Testing equality of genetic effects
Strict homogeneity of the local genetic structure of the phenotype across sexes can be tested using a null hypothesis \({H}_{0}:{\delta }_{M}={\delta }_{F}\), with \({\delta }_{M}\) and \({\delta }_{F}\) the genetic effect vectors for men and women for that phenotype, respectively (this is also equivalent to testing \({H}_{0}:{\alpha }_{M}={\alpha }_{F}\)). Under this null model, the difference \(\hat{D}={\hat{\delta }}_{M}-{\hat{\delta }}_{F}\) is distributed \(\hat{D}\, \sim \,{{{\rm{MVN}}}}\left(0,\left({\sigma }_{M}^{2}+{\sigma }_{F}^{2}\right){I}_{K}\right)\), and it, therefore, follows that the test statistic \(\frac{{\hat{D}}^{T}\hat{D}}{{\sigma }_{M}^{2}+{\sigma }_{F}^{2}}\) has a \({\chi }_{K}^{2}\) distribution, which can be used to obtain a p-value.
Because these genetic effect vectors are defined on a standardized scale, the null hypothesis \({H}_{0}:{\delta }_{M}={\delta }_{F}\) implies that the correlations of all of the SNPs in \(X\) with the phenotype (as well as the local heritabilities generally) are the same for each gender. However, homogeneity of genetic effects can also be defined on the natural scale of the phenotype instead, which implies that a change in genotypes results in the same amount of change (on the natural scale) in the phenotype. Writing \({Y}_{p}^{*}={Y}_{p}{S}_{p}\), with \({Y}_{p}^{*}\) the phenotype on its natural scale and \({S}_{p}\) its standard deviation, the corresponding genetic effects on this scale would be \({\delta }_{p}^{*}={\delta }_{p}{S}_{p}\), and equality on this scale can be tested using the null hypothesis \({H}_{0}:{\delta }_{M}^{*}={\delta }_{F}^{*}\), which is equivalent to testing \({H}_{0}:{S}_{M}{\delta }_{M}={S}_{F}{\delta }_{F}\). The corresponding difference vector \(\hat{{D}^{*}}={S}_{M}{\hat{\delta }}_{M}-{S}_{F}{\hat{\delta }}_{F}\) is distributed \(\hat{{D}^{*}}\, \sim\) \({{{\rm{MVN}}}}(0,({S}_{M}^{2}{\sigma }_{M}^{2}+{{S}_{F}^{2}\sigma }_{F}^{2}){I}_{K})\) under this null, and the test statistic \(\frac{{\hat{{D}^{*}}}^{T}\hat{{D}^{*}}}{{S}_{M}^{2}{\sigma }_{M}^{2}+{{S}_{F}^{2}\sigma }_{F}^{2}}\) again has a \({\chi }_{K}^{2}\) distribution. We note that, at present, this test has only been evaluated for quantitative phenotypes. Simulations showed that type-1 error rates were well controlled (see Supplementary Data 2 and “Methods: Type-1 error simulations”).

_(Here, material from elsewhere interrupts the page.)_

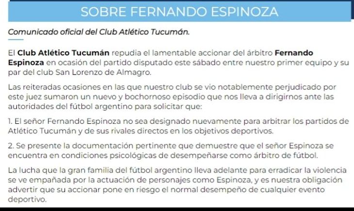 "Tras el desastroso arbitraje de anoche, no solo voy a volver a pedir que no dirija más a Atlético Tucumán sino que se analice seriamente si Espinoza está en condiciones psicológicas de dirigir y que las autoridades muestren la documentación que lo avale para arbitrar", concluyó.

Testing equality of local heritability
As the local heritability \({h}_{p}^{2}\) of a phenotype \(p\) equals the variance of \({G}_{p}\), it can be expressed as \({h}_{p}^{2}={{\mathrm{var}}}({G}_{p})=\frac{{\delta }_{p}^{T}{W}^{T}W{\delta }_{p}}{{N}_{p}-1}={\delta }_{p}^{T}{\delta }_{p}\). Moreover, \({\eta }_{p}^{2}=1-{h}_{p}^{2}\). Since \({\hat{\delta }}_{p}\, \sim {{{\rm{MVN}}}}({\delta }_{p},{\sigma }_{p}^{2}{I}_{K})\), the statistic \({T}_{p}=\frac{{\hat{\delta }}_{p}^{T}{\hat{\delta }}_{p}}{{\sigma }_{p}^{2}}=\frac{\left({N}_{p}-1\right)}{1-{h}_{p}^{2}}{\hat{\delta }}_{p}^{T}{\hat{\delta }}_{p}\) has a noncentral \({\chi }_{K}^{2}\) distribution with noncentrality parameter \({\lambda }_{p}=\frac{{\delta }_{p}^{T}{\delta }_{p}}{{\sigma }_{p}^{2}}=({N}_{p}-1)\frac{{h}_{p}^{2}}{{\eta }_{p}^{2}}=({N}_{p}-1)\frac{{h}_{p}^{2}}{1-{h}_{p}^{2}}\). Defining \({C}_{p}=\frac{{h}_{p}^{2}}{1-{h}_{p}^{2}}\), the expected value of \({T}_{p}\) can be expressed as \(E[{T}_{p}]=K+{\lambda }_{p}=K+({N}_{p}-1){C}_{p}\).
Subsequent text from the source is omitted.